Which brings us to the December 2014 publication in The New England Journal of Medicine of the Multicenter Randomized Clinical Trial of Endovascular Treatment of Acute Ischemic Stroke in the Netherlands (MR CLEAN) study.5 The study aims were to see, in patients with LVO within 6 hours, if intra-arterial thrombolysis, compared with medical management, yielded improved clinical outcomes as measured by the mRS at 90 days.
A major feature in the study design was the requirement of LVO confirmation via imaging prior to enrollment. The biggest methodological difference was the decision by the Dutch government to pay for the use of thrombectomy devices only in the context of a randomized trial, thereby precluding treatment outside the trial. This policy accelerated enrollment and allowed the investigators to achieve a large sample size in a short period of time.
The results were unprecedented. Within 3 years, with about 500 subjects enrolled, 97 % had confirmation of LVO prior to enrollment. About 90 % of subjects in both groups received intravenous alteplase. In the intervention group, stent retrievers were used in 97 % of cases. Meaningful angiographic recanalization, as scored by a TICI 2b or 3 was achieved in 60 % of cases, as opposed to 41 % in the IMS-III study. In terms of the primary outcome measure, there was an absolute increase of 13.5 % (32.6 versus 19.1 %) in the rate of functional independence at 90 days among the intervention group. Although there was a higher rate of new ischemic stroke in different vascular territory (5.6 versus 0.4 %) in the treatment group, there were no differences in mortality at 30 days (19 versus 19 %) or symptomatic intracerebral hemorrhage (ICH) (6.0 versus 5.2 %).

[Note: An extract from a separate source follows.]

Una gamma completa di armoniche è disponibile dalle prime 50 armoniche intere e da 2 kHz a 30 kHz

The data from the MR CLEAN study as well as subgroup analysis of prior studies comparing endovascular therapy to best medical management provide valuable insight into discerning any clinical benefit for intervention. A meta-analysis6 of the six most recent prospective randomized controlled trials comparing endovascular therapies with best medical management was published after the MR CLEAN results were presented at the 9th World Stroke Congress (Istanbul, Turkey, 2014). They found when comparing cohorts from the six studies with LVO confirmation prior to randomization, the intervention group (n=655) had a 1.7 times greater odds of achieving mRS 0–2 at 90 days compared with best medical management (n=528). The 95 % confidence interval was between 1.29 and 2.16 with p=0.0001.

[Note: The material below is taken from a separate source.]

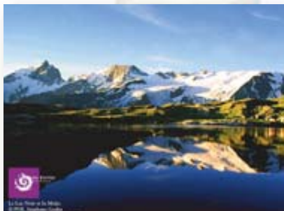
Parc des Ecrins - Lac Noir et la Meije.
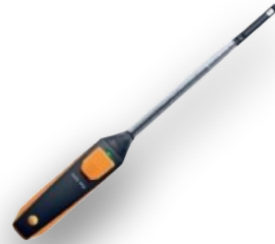
ANEMOMETER (VELOCITY METER)

In 2015, there is now level 1 evidence from prospective randomized controlled trials proving the clinical efficacy of acute endovascular stroke therapy. Specifically, patients who would stand to benefit need to have a LVO, need to be treated within the first 6 hours after symptom onset, and be treated by experienced neurointerventionalists who can consistently achieve high rates of TICI 2b/3 recanalization.